Karl Fred Dahmen, Ohne Titel, 1953, Mixed media on handmade paper, 38 x 50,5 cm, signed and dated lower right: Dahmen 53 © Karl Fred Dahmen / VG Bild-Kunst, Bonn, Courtesy Galerie Schlichtenmaier

Today, it’s highly unlikely that a single auction, like that of the Lenz Schönberg Collection back in 2010, would trigger a veritable hype for the works of a particular movement. At the time, the art world was experiencing a phenomenon: following top-heavy Minimalism, following light-footed Pop Art and the iconoclastic Young British Artists, Zero art, then forty or fifty years old, suddenly emerged from an invisible zone as a revelation boasting playful innovation and philosophical reflection.

Even after decades, the kinetic objects, the port-wine stains, the light installations exuded a peerless optimism. Everyone suddenly wanted works by Günther Uecker, Otto Piene, and Heinz Mack, and Adolph Luther’s sparkling lens objects. And, with a slight time delay, Jan Schoonhoven’s grid paintings and works by Hermann Goepfert and Piero Manzoni.

In the dualism of dynmaic and contemplation on to a universal visual language

Karl Otto Götz, Komposition vom 22.6.55, 1955, Mixed media on canvas, 55 x 70 cm, signed lower left: K. O. Götz; verso signed and dated: K. O. Götz 22.6.1955 © Peter Brüning / VG Bild-Kunst, Bonn, Courtesy Galerie Schlichtenmaier

Karl Otto Götz, Komposition vom 22.6.55, 1955, Mixed media on canvas, 55 x 70 cm, signed lower left: K. O. Götz; verso signed and dated: K. O. Götz 22.6.1955 © Peter Brüning / VG Bild-Kunst, Bonn, Courtesy Galerie Schlichtenmaier

What makes Informel painting so appealing to us is its blend of energy and contemplation, which touches the deep longings of the twenty-first century.
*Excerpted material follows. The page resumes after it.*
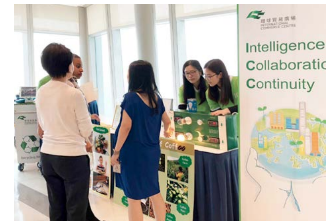
ICC engages tenants and stakeholders in green and energy-saving initiatives. 环球贸易广场与租户及股东携手进行环保及节能工作。

环球贸易广场对可持续发展的重视深受业界认同。早在2017年，环球贸易广场获香港绿色建筑议会颁发第一张“绿建环评既有建筑2.0版”最高级别的铂金级认证证书。在2019年，则获香港质量保证局颁发第一个ISO 41001:2018设施管理体系。在环境局及机电工程署举办的“慳神有计大比拼”中，连续三年获得“慳神奖”，在2017年更勇夺“慳神总冠军”。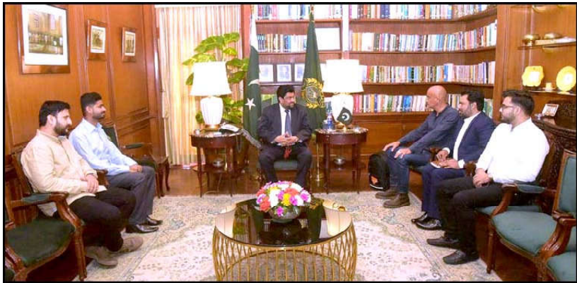
KARACHI: Governor Sindh Kamran Khan Tessori meets delegation of French NGO, Triangle Generation Humanitaire at Governor House.

Earlier on arrival, the COAS was received by the Commander Quetta Corps.

Incidentally, this also applies to the works of the postwar artists Fritz Winter or Ernst Wilhelm Nay, who worked abstractly but not in the Informel vein.

A new understanding of the universality of their visual language is spreading, among other things, because a whole series of young contemporary artists is bringing the gestural into today’s art as a matter of course, as if it were always present.

With prices still affordable, Germany's informal artists offer high potentials

Pierre Soulages, Peinture, 142 x 181 cm, 1er décembre 2018, 2018, Acrylic on canvas, 142 x 181 cm / 56 x 71 1/4 in, Verso upper right signed, titled and dated: SOULAGES Peinture, 142 x181 cm 01 12 2018, © Pierre Soulages, Photo: Christoph Münstermann, Düsseldorf, Courtesy Galerie Karsten Greve Köln Paris St. Moritz

Pierre Soulages, Peinture, 142 x 181 cm, 1er décembre 2018, 2018, Acrylic on canvas, 142 x 181 cm / 56 x 71 1/4 in, Verso upper right signed, titled and dated: SOULAGES Peinture, 142 x181 cm 01 12 2018, © Pierre Soulages, Photo: Christoph Münstermann, Düsseldorf, Courtesy Galerie Karsten Greve Köln Paris St. Moritz

Collectors have long been attuned to the best Informel works. Pierre Soulages, France’s late figurehead of art Informel who passed away this October, Jackson Pollock, and Joan Mitchell from the circle of Abstract Expressionists, the US counterpart, have all long since passed the million-dollar mark. Germany’s Informalists such as Fred Thieler, Peter Brüning, and Gerhard Heohme are still lagging behind in price. But they certainly deserve the kind of hype the Zero artists have received.